裁判官 ☆ データベース - 京都地判H30.9.14 損害賠償請求事件
祇園暴走、両親・社長の責任否定 京都地裁、会社に賠償命令印刷用画面を開く

 京都市東山区の祇園で2012年4月、車が暴走し19人が死傷した事故で、亡くなった右京区の奥村昌彦さん=当時(40)=ら3人の遺族が、運転していた藍染め製品販売会社(破産)の元従業員の男性=当時(30)、死亡=の両親や同社社長らに計約4600万円の損害賠償を求めた訴訟の判決が14日、京都地裁であった。伊藤由紀子裁判長は、両親と社長個人の賠償責任は否定する一方、会社の使用者責任を認めて同社に4010万円の支払いを命じた。
 原告側は、両親と社長は男性のてんかん発作の症状を把握しており、車の運転を制止する義務があったと主張していた。
 伊藤裁判長は両親について「男性が運転業務をしていないと認識していた」と指摘。社長についても「男性がてんかん発作を起こし、車を制御できなくなる可能性があることを知っていたとは言えない」と判断した。

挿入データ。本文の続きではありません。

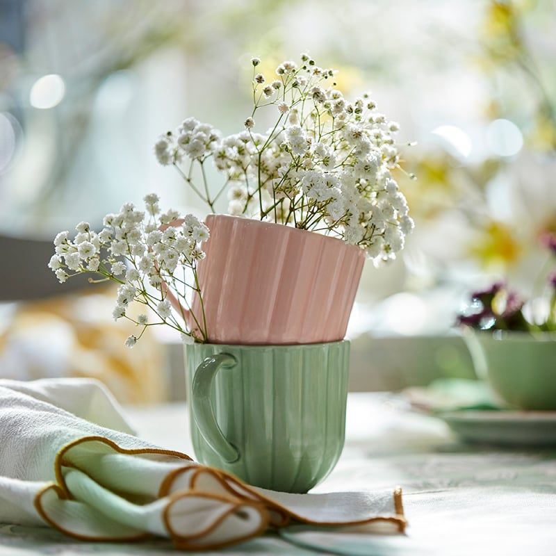 Kollektionen bjuder även på muggar i milda pastelltoner designade av Lisa Hilland.
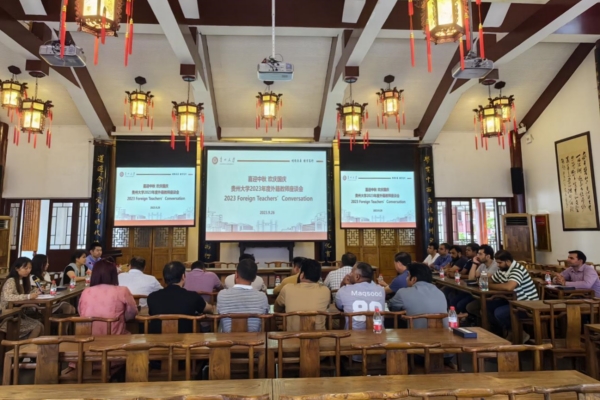 中国“中秋”及“国庆”佳节即将来临之际,9月26日,贵州大学国际交流与合作处、教师工作处在东校区中国文化书院勉学堂召开贵州大学2023年度外籍专家教师“喜迎中秋 欢庆国庆”座谈会。在校外籍教师、外籍博士后及家属,校国际交流与合作处、教师工作处等部门负责同志及工作人员参加座谈。座谈会由国际交流与合作处副处长周斌主持。

 一方、業務中の事故だったことなどから、会社の使用者責任については認定。「危険極まりない事故で、被害者に落ち度はない」として被告側の主張を上回る逸失利益と慰謝料を算定した。
 事故は12年4月12日昼に発生した。東山区大和大路通四条交差点に軽ワゴン車が突っ込み、観光客らをはねるなどして7人が死亡し、12人が重軽傷を負った。
(2018年09月14日 23時21分 京都新聞)

勤務先に4千万円賠償命令 24年の京都・祇園暴走事故

 京都・祇園で平成24年4月、軽ワゴン車が暴走し通行人7人が死亡、12人が重軽傷を負った事故で、遺族が事故を起こして死亡した元従業員=当時(30)=の親族と、勤務先だった藍染め販売会社(京都市)、同社長に計約4600万円の損害賠償を求めた訴訟の判決が14日、京都地裁であった。伊藤由紀子裁判長は販売会社の賠償責任を認め、遺族1人に約4千万円を支払うよう命じた。親族と社長だけを訴えていた2遺族の請求は棄却した。

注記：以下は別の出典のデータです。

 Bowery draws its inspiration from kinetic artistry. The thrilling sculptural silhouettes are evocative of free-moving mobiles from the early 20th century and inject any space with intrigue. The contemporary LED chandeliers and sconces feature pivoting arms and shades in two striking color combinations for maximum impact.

 伊藤裁判長は判決理由で「会社の業務として会社の所有する車両を運転中に事故を起こしており、会社に責任が成立する」と指摘。元従業員はてんかんの発作で意識を失ったが、親族や社長の責任については「自動車を制御できない状態となる可能性があることを知っていた事実は認められない」などと判断した。
 会社は28年4月に破産開始決定を受け現在、破産手続きを行っている。